В самой школе затруднений тоже не возникло. Аэростьеры вызывали всеобщее законное любопытство. И желание боевого генерала познакомиться с новым средством ведения войны поближе встретило полное понимание. Правда, самого начальника и создателя школы – капитана (а по основной специальности физика) Куттеля не было в Медоне. С очередным сформированным отрядом он отбыл в Рейнскую армию. Но я вряд ли что потерял. Поскольку вместо него натолкнулся не на кого-нибудь, а на профессора Шарля. Жака Александра Сезара… Того самого – изобретателя воздушного шара. Настоящего – наполняемого водородом. А не монгольфьеровой коптильни. Именно в честь него такая разновидность аэростата и называлась тогда «шарльер». Сами понимаете, какого масштаба это была фигура…
Что он делал в Воздухоплавательной школе – я точно не понял. Работал не то консультантом, не то преподавателем. Но все его слушались. И в отсутствие Куттеля, похоже, он был за старшего… Отличный дядька! Выслушав мою просьбу дать познакомиться с воздухоплавательной техникой, Шарль, не задавая никаких вопросов типа «Кто вы такой?» или «Кто разрешил?», лично провел меня по территории школы. Давая пояснения и попутно прочитав маленькую лекцию по изобретению и истории воздушных шаров. А под конец, выйдя на летное поле, где как раз происходили тренировочные подъемы на двух шарльерах, предложил мне самому подняться в небо. Чтобы лично оценить это достижение научной мысли… Ну я, ясен пень, не отказался и так познакомился с капитаном Берже, инструктором, руководившим обучением…
В конце концов мне удалось все же занять такое положение, при котором гондолу, подзорную трубу и меня не мотало каждого отдельно друг от друга. Правда, для этого пришлось обхватить руками сразу несколько строп, которыми гондола подвешивалась к охватывающей оболочку сетке. А самому почти высунуться наружу. И заодно отдать треуголку капитану – потому что ее уже удерживать стало нечем…

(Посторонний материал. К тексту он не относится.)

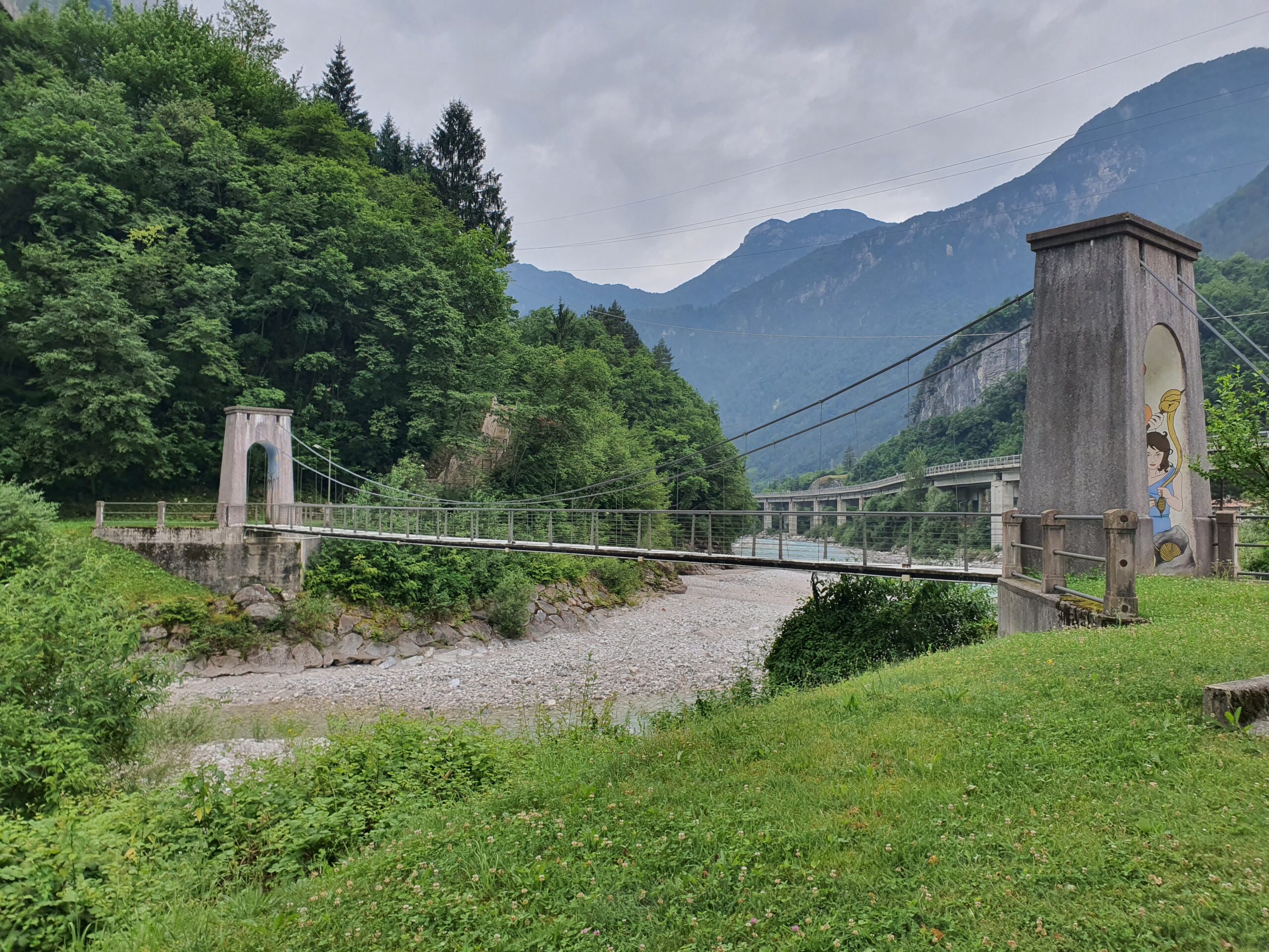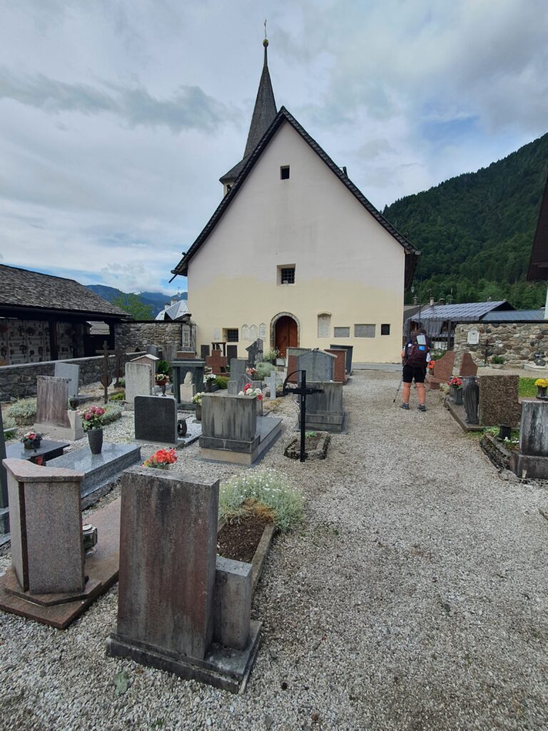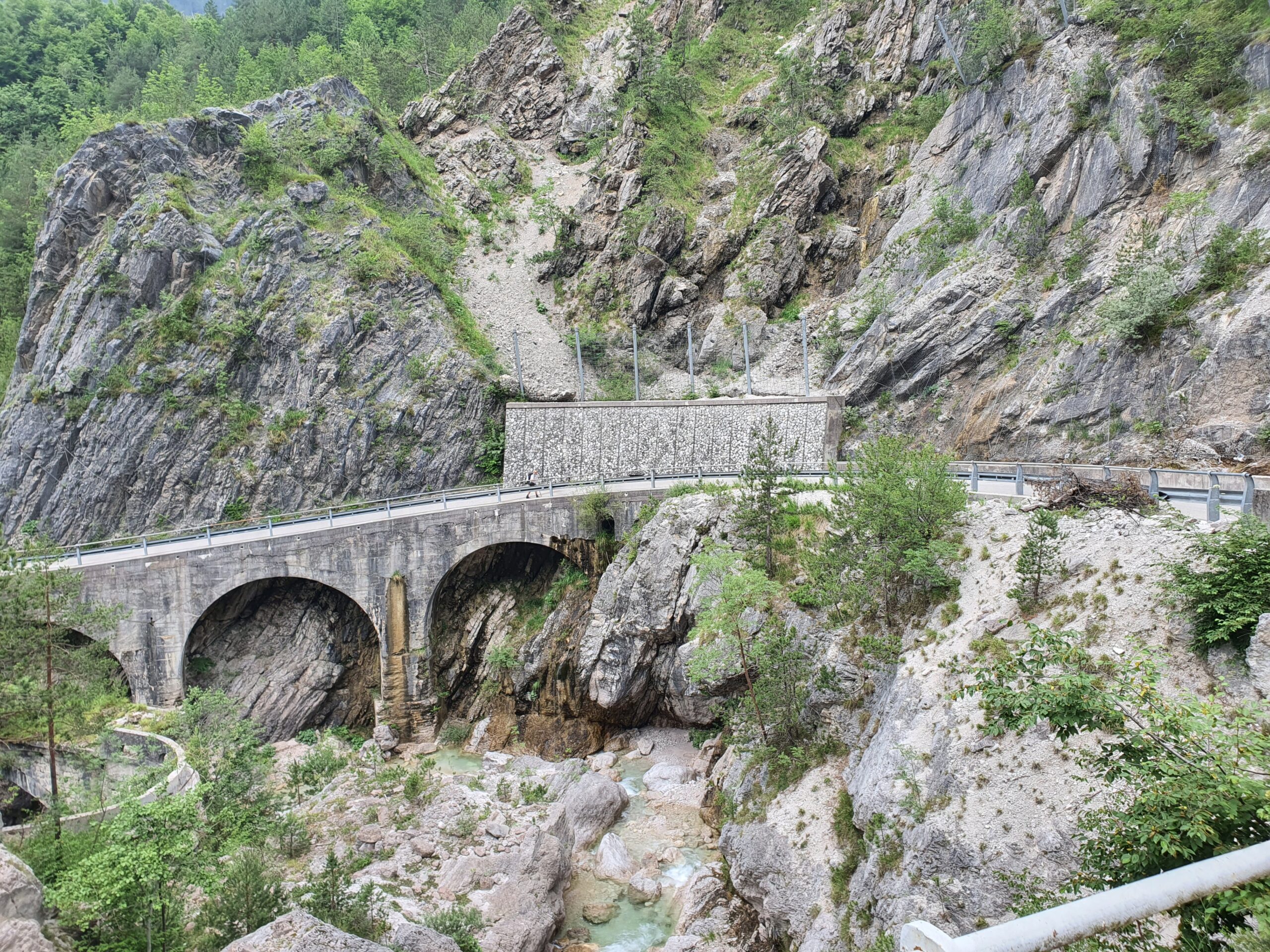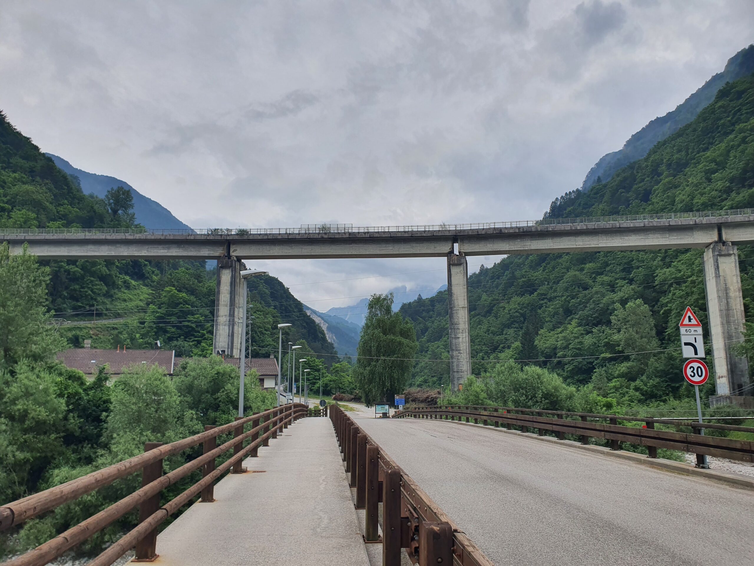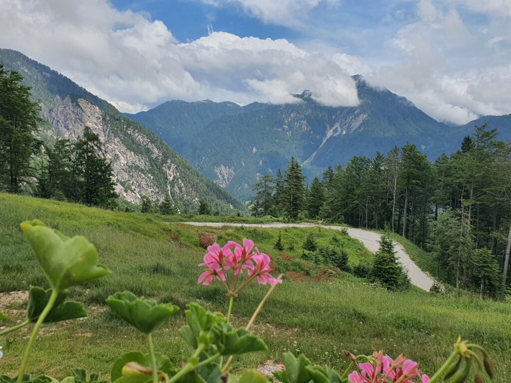 Mit einem eher trockenen Frühstück aus Keksen, Zwieback und Tee geht es um halb acht Uhr los. Dogna hatte zu Beginn des 20. Jahrhunderts 1500 Einwohner, heute sind es nur noch 175. Dies ist oft so in dieser Gegend. Nach den Kriegen begann die große Abwanderung aus den Orten. Und so gehts auch einsam auf einer alten Militärstraße durch das grüne Dogna Tal rauf zum Sella di Somdogna Pass (1400 m), weiter zum Rifugio Grego und dann bergab ins Bergsteiger Dörfchen Valbruna. Wir starten relativ steil die ersten Kilometer. Bei KM2 eine größere Siedlung, ab dann wirds ruhig. Wir sind aber eh beeindruckt von der Brückenbaukunst, mit der die Straße sich das Tal hoch schlängelt. Wir sind aber noch mehr in den Bann gezogen von den Überresten des Ersten Weltkriegs. Hier war eine Frontlinie und es wurde zwischen Österreich und Italien hart und blutig gekämpft. Überall alte Bauwerke und Ruinen zeugen von traurigen Stunden. Nach fast 3 Stunden wieder eine Siedlung, mit dem unaussprechlichen Namen Chiutzuquin. Wir hören Geräusche, sehen aber keinen Menschen. Im Internet lesen wir das hier nur im Sommer, wer lebt. Wir gehen zahllose Schleifen und Kehren, es regnet etwas. Wir nehmen es als willkommene Abwechslung. Noch 2 Stunden später ändert sich die Landschaft. Es wird steiler, eine Alm taucht auf. Urlaub auf dem Bauernhof, weit weg von der Zivilisation. Angesichts der noch verbleibenden Strecke kehren wir dort aber nicht ein. Sabine ist schon etwas müde, der Tag zieht sich.

Собственно, мне ничего не требовалось проверять. Просто мне до чертиков не хотелось опускаться обратно на землю. В восемнадцатый век. К треуголкам, камзолам, парикам, масляному освещению и кремневым пистолетам со шпагами… С дурацкой гильотиной. И с не менее дурацкой Великой Французской революцией. А хотелось хоть немного продлить это состояние посещения будущего. Подышать еще воздухом высоты – чистым, холодным и упругим, как родниковая вода. Каким никогда не бывает воздух на поверхности Земли…
3
– Ладно, давайте спускаемся…
Берже берет в руку флаг, высовывается за борт гондолы и машет им. Внизу курсанты начинают крутить кабестан лебедки. Да, техника на грани фантастики… Лошадь бы хоть приспособили! А так прошла прорва времени, пока нас подтянули к земле. Но это было еще не все! Швартовая команда, ухватив оставшийся кусок троса, вручную выбрала последние метры, преодолевая сопротивление рвущегося, как парус аэростата. Затем, перехватившись за свисающие с гондолы специально для этого веревки, уже ровно прижала гондолу к стартовой площадке (до этого мы все время болтались не пойми в каком положении, молясь только об одном: чтобы нас не приложило о землю). Вот только теперь стало можно выходить…
Под направленным на меня множеством взглядов и каскадом белозубых улыбок – как же, сейчас развлечение будет! – я протиснулся между стропами подвески и, придерживаясь рукой за гондолу, спрыгнул на «твердую почву». Не надейтесь, ребята, – мы и не на таком еще летали… Потопав ногами, чтобы восстановить равновесие, я поблагодарил Берже – который, как ни в чем ни бывало, уже командовал лезть в гондолу следующим пассажирам, железный человек! – и только тут с удивлением заметил, что профессор Шарль все еще торчит здесь. Явно дожидаясь мою персону. Или он все же отходил? А потом вернулся – когда мы стали спускаться? Не видел… Но все равно – что значит ответственный человек!
Впрочем, сколь бы ни был Шарль ответственным человеком, сакраментального вопроса и он не избежал:
– Ну, как вам понравилось?
– Отличное средство наблюдения! – отрубил я по-генеральски. И без перехода оглоушил беднягу, не ждавшего от меня такого подвоха: – Но для поля боя не годится совершенно!
– Почему вы так думаете, интересно знать? – сразу же завелся профессор. Оскорбившись за свое детище.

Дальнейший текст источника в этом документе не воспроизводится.